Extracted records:
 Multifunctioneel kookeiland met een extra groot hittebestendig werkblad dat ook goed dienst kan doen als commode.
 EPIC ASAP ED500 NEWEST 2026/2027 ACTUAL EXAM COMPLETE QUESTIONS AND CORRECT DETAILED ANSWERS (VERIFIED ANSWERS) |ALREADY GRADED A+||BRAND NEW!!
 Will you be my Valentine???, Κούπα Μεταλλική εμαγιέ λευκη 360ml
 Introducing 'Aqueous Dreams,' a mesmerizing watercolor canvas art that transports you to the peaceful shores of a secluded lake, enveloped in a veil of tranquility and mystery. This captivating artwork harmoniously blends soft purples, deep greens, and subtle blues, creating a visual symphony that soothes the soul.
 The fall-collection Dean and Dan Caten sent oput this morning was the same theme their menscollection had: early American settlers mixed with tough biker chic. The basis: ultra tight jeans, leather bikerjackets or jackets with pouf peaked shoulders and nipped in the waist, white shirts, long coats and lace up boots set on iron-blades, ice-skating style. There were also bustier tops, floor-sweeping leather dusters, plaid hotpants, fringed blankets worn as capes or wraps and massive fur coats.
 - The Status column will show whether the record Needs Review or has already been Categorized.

...

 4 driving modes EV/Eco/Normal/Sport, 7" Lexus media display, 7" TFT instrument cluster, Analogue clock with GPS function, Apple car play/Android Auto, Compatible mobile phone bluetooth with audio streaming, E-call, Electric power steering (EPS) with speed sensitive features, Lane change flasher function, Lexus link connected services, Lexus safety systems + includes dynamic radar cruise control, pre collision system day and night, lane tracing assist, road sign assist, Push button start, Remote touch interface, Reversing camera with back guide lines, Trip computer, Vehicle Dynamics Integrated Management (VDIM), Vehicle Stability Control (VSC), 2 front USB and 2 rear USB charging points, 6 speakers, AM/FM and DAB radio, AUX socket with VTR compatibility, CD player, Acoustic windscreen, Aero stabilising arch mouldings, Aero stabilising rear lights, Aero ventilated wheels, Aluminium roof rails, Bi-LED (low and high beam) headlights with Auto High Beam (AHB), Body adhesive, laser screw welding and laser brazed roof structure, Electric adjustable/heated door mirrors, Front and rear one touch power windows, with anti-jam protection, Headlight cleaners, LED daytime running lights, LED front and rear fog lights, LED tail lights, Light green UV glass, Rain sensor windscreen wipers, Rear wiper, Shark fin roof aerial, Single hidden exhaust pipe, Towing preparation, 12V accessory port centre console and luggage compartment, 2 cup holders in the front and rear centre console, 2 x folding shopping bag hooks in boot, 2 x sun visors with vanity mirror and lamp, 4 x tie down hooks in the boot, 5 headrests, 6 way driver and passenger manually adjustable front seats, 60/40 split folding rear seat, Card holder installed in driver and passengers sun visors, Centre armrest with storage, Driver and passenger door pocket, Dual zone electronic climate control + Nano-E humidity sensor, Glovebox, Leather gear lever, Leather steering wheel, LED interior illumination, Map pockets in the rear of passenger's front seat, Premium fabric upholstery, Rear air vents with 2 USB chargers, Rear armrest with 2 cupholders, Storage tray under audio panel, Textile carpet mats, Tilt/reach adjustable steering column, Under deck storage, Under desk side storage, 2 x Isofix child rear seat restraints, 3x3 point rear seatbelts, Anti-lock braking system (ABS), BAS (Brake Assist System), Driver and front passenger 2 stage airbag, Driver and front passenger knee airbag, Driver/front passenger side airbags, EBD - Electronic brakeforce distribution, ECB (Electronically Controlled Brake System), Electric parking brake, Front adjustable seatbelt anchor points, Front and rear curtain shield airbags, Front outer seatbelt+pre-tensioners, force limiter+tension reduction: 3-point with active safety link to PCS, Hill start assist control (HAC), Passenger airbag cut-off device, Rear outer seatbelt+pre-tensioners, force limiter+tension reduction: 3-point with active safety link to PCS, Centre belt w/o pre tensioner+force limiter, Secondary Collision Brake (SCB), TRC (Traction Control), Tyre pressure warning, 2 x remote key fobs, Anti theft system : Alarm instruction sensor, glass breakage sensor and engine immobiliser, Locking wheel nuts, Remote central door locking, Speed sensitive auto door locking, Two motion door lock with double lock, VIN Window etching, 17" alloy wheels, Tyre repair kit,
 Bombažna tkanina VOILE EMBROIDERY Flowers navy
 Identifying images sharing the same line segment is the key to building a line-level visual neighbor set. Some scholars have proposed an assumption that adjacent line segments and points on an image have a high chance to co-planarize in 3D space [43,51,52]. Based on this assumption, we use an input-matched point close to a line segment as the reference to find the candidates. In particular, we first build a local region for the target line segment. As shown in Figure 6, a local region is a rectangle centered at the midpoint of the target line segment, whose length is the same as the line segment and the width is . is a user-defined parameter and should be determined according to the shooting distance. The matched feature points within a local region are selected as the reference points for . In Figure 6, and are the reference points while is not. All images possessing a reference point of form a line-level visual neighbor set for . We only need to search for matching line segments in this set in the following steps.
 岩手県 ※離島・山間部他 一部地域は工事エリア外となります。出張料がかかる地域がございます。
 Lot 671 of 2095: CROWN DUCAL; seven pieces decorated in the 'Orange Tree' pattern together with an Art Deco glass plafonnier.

==

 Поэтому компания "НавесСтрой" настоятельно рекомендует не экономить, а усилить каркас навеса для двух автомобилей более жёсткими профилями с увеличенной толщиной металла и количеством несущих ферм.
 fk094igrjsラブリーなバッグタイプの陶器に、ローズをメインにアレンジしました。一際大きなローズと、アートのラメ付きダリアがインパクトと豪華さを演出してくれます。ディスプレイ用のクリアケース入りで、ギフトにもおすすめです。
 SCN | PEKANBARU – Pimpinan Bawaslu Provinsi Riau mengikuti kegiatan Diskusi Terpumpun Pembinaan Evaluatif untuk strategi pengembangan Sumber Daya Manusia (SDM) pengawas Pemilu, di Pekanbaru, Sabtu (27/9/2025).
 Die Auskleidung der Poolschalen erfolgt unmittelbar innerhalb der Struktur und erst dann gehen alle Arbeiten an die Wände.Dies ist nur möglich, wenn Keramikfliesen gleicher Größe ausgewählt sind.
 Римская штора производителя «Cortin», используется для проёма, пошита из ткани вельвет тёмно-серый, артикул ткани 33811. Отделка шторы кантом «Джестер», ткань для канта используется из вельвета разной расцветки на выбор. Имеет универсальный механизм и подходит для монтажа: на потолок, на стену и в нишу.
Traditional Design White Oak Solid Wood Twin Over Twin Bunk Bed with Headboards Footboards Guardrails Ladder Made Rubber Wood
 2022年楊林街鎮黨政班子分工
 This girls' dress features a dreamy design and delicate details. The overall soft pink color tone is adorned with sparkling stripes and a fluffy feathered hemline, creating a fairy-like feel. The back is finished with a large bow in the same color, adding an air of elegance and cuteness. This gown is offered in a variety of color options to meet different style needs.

● Aim of the exercise:
Take the entries above and return only the lines from the one with "Multifunctioneel kookeiland met" to the one with "Will you be", both included, unchanged.

● Task solution:
 Multifunctioneel kookeiland met een extra groot hittebestendig werkblad dat ook goed dienst kan doen als commode.
 EPIC ASAP ED500 NEWEST 2026/2027 ACTUAL EXAM COMPLETE QUESTIONS AND CORRECT DETAILED ANSWERS (VERIFIED ANSWERS) |ALREADY GRADED A+||BRAND NEW!!
 Will you be my Valentine???, Κούπα Μεταλλική εμαγιέ λευκη 360ml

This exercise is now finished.